Gounardes (D-Brooklyn) believes this tipster program will ultimately encourage motorists to follow the law and be safer drivers.

“Coming at this from a street-safety lens, we want to make sure that people aren’t violating the law twice, once by speeding and the other by obstructin­g their license plates to avoid speed cameras,” Gounardes said. “Covering up your license plates, speeding through school zones all add up and make [these motorists] terrible neighbors.”

At the beginning of the summer, the NYPD, state police and the MTA vowed to crack down on bogus and obscured license plates.

Since 2017, the MTA’s Triborough Bridge and Tunnel Authority, with the help of the state police, have given out 36,000 summonses for obscured, blocked and forged license plates. They’ve also towed 6,200 vehicles of motorists with unpaid fines.

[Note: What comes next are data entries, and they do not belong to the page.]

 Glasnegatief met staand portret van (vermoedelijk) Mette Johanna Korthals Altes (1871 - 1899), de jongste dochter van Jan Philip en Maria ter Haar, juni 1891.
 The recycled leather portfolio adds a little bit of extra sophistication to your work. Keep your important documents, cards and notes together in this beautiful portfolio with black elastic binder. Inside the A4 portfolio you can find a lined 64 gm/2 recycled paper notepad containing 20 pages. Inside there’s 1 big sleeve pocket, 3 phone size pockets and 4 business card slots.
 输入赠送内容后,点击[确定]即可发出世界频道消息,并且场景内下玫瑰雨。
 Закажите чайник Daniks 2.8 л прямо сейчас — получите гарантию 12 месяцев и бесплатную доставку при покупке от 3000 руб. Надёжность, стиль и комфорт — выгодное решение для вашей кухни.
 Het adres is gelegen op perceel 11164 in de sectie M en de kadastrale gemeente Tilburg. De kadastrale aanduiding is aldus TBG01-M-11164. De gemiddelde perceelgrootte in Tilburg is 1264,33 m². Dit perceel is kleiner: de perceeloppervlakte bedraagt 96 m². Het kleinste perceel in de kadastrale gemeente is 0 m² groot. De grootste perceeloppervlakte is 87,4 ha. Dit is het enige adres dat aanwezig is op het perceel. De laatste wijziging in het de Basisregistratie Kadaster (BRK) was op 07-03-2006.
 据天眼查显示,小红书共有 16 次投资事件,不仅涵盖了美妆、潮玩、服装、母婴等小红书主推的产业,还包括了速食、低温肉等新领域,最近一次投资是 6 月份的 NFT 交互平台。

Last year, cops arrested 225 people on city streets and highways with fraudulent plates. Another 400 motorists were summonsed, the NYPD said.

“This is not going to be a top priority for law enforcemen­t, so why should we have that expectatio­n placed on them?” Gounardes asked. “This will empower people on the ground to help enforce the law.”

Gounardes’ new bill will be reviewed by the Transporta­tion Committee when the next legislativ­e session begins.

On Tuesday, Mayor Adams announced that the NYPD and the city sheriff’s office will begin to tow and auction off cars caught with illegal, fake or paper license plates.